In 1978, when he made The Driver, Walter Hill was at the beginning of an incredible run of motion pictures. The next year, he was listed as a producer on Alien, a film he'd at one time hoped to direct himself, and to which he provided invaluable creative input by the admission of the film's eventual creative team. He'd also direct the urban dystopia classic The Warriors in 1979. Then came The Long Riders, Southern Comfort, 48 Hours and Streets of Fire. Not a bad run.
You can see a lot of the themes that would play out in later Hill movies in The Driver, a taut action film centered around a series of intense car chases. Many of Hill's films borrow elements of the Western and insert them into urban crime films, and The Driver is no different. We follow a criminal as he's hunted relentlessly by a bad cop, and their cat-and-mouse game (and eventual stand-off) mirrors the dramatic clashes of personalities of the Old West.

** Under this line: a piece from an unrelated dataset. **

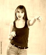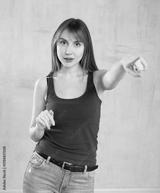 Cheerful young woman dressed in t-shirt gesturing in studio
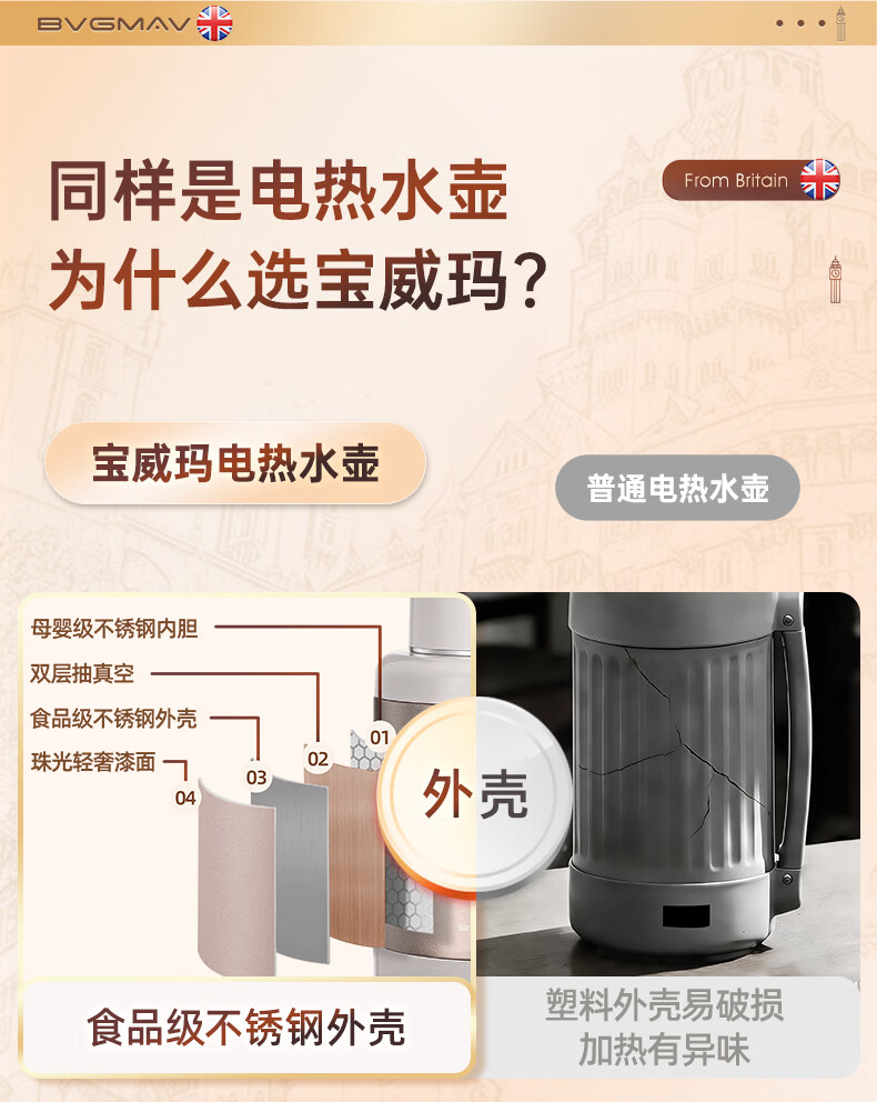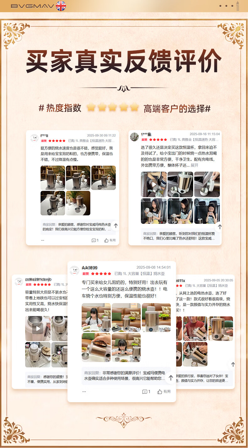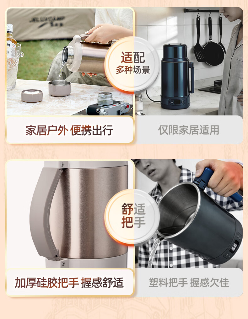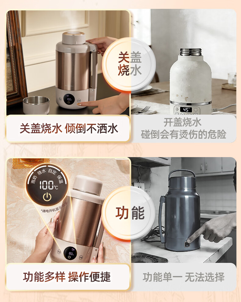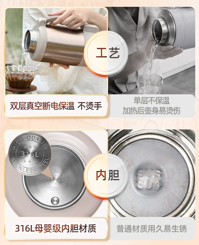 宝威玛(BVGMAV)316L食品级不锈钢便携式烧水壶保温一体全自动家用恒温水杯户外旅行露营出差办公室四档恒温烧水杯 1L 店长推荐【316L母婴级内胆】烧水壶

Appropriately enough, our hero is a Man With No Name, known only as The Driver. He's played by Ryan O'Neal at his most deadpan, and Ryan O'Neal is about as deadpan as they come. The character's purposefully flat and emotionless, understanding as he does that emotional responses get you caught, whereas cool heads have a shot at getting away. The Driver works as a freelance getaway driver. For $10,000 and 15% of the net profits, he'll get you the hell out of Dodge. And as we see during a daring opening bank robbery, he's good at his job.
That robbery goes haywire, arousing the interest of a self-delusional, ego-maniacal headcase of a cop, known only as The Detective (Bruce Dern). This kind of character was Dern's bread-and-butter in the 70's, a half-insane, amoral whackjob abusing a position of authority. It worked terrifically in The Laughing Policeman, it's highly amusing in The Trip, but Dern really outdoes himself here. His Detective sees himself not as a cop but as a crusader. "I'm going to catch the cowboy who's never been caught," he announces early on, and he seemingly has no doubt the prophecy will come true. Dern sells the role like a true believer. It's one of his most entertaining performances.

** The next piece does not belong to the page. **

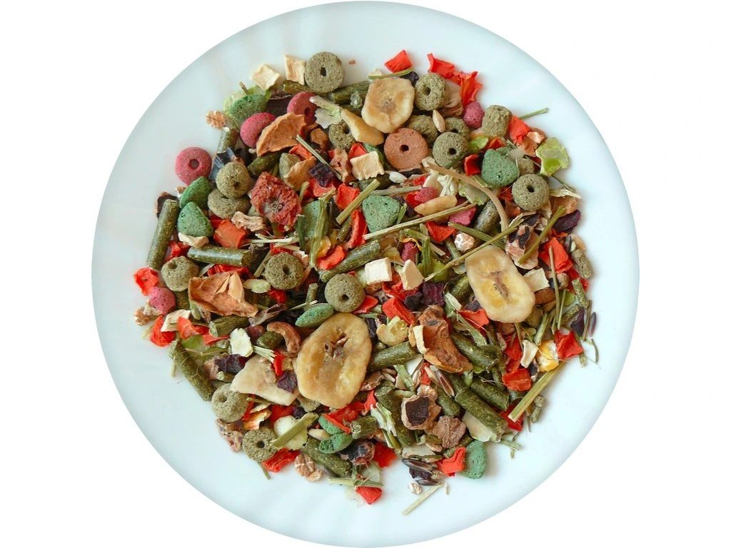 Slložení:Vojtěška, kukuřičné vločky, hrachové vločky, svatojánský chléb, extrudované obiloviny, mrkev, oves celý, kukuřice, banány, pšenice, mrkev

The movie has some standard twists and turns, including The Detective's particularly devious plan to pull off a bank robbery as a sting operation. The final act actually gets a bit confusing, with The Detective, the robbers he's cajoled into setting up his fake robbery, The Driver and The Driver's new lady accomplice (Isabelle Adjani, billed as The Player) all vying for the same suitcase filled with $200,000.
But really, it's not the complicated, noirish story that's the focus but the exceptional, high-wire car chases through downtown Los Angeles. One sequence in particular, in which The Driver evades up to 4 cop cars at a time, reminded me of the inky night photography of Michael Mann's Collateral from last year. These are expertly-filmed and paced action scenes with a level of clarity to them that's not seen any more in this kind of filmmaking.

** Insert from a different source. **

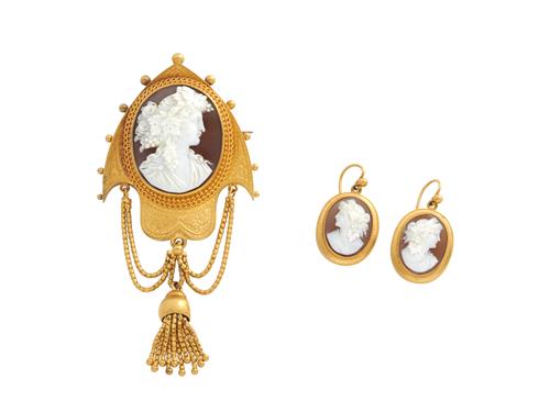 Comprising a brooch centring a shell cameo depicting a classical figure in profile, suspending swag and tassle decoration, glazed panel to reverse; earrings ensuite, each comprising an oval shell cameo depicting a classical figure in profile, with a gold border, to shepherd hook fittings in 18ct gold, brooch signed Gaunt, measuring approximately 90mm x 43mm, earring length approximately 32mm.

Take a film from a few years back, Dominic Sena's highly forgettable Swordfish. That movie included a similar-in-scope car chase and shootout through downtown Los Angeles. But its scene throws in so much in an attempt to keep our attention - from rapid-fire editing to massive machine gun fire to John Travolta's ridiculous in-car acrobatics - there's no visceral thrill to the chase. You're just watching a lot of expensive effects and pyrotechnics go off.
The Driver has nothing in the way of special effects. It's just a bunch of stunt drivers executing brilliant, death-defying moves in vintage automobiles. And yet the effortless, simple cinematography and brilliant stunt coordination produces a much more exciting, intense effect than Sena's bloated, multi-million dollar extravaganza. Even a scene of The Driver showing off in an empty parking lot beats anything in Swordfish in terms of thrills (or, for that matter, comedy).
This film was a tremendous amount of fun. Along with Southern Comfort, it's a shamefully overlooked gem from Walter Hill, one of America's great contemporary action filmmakers.
Okay, they all can't be winners, but look at the guy's filmography! That's a lot more good projects than bad!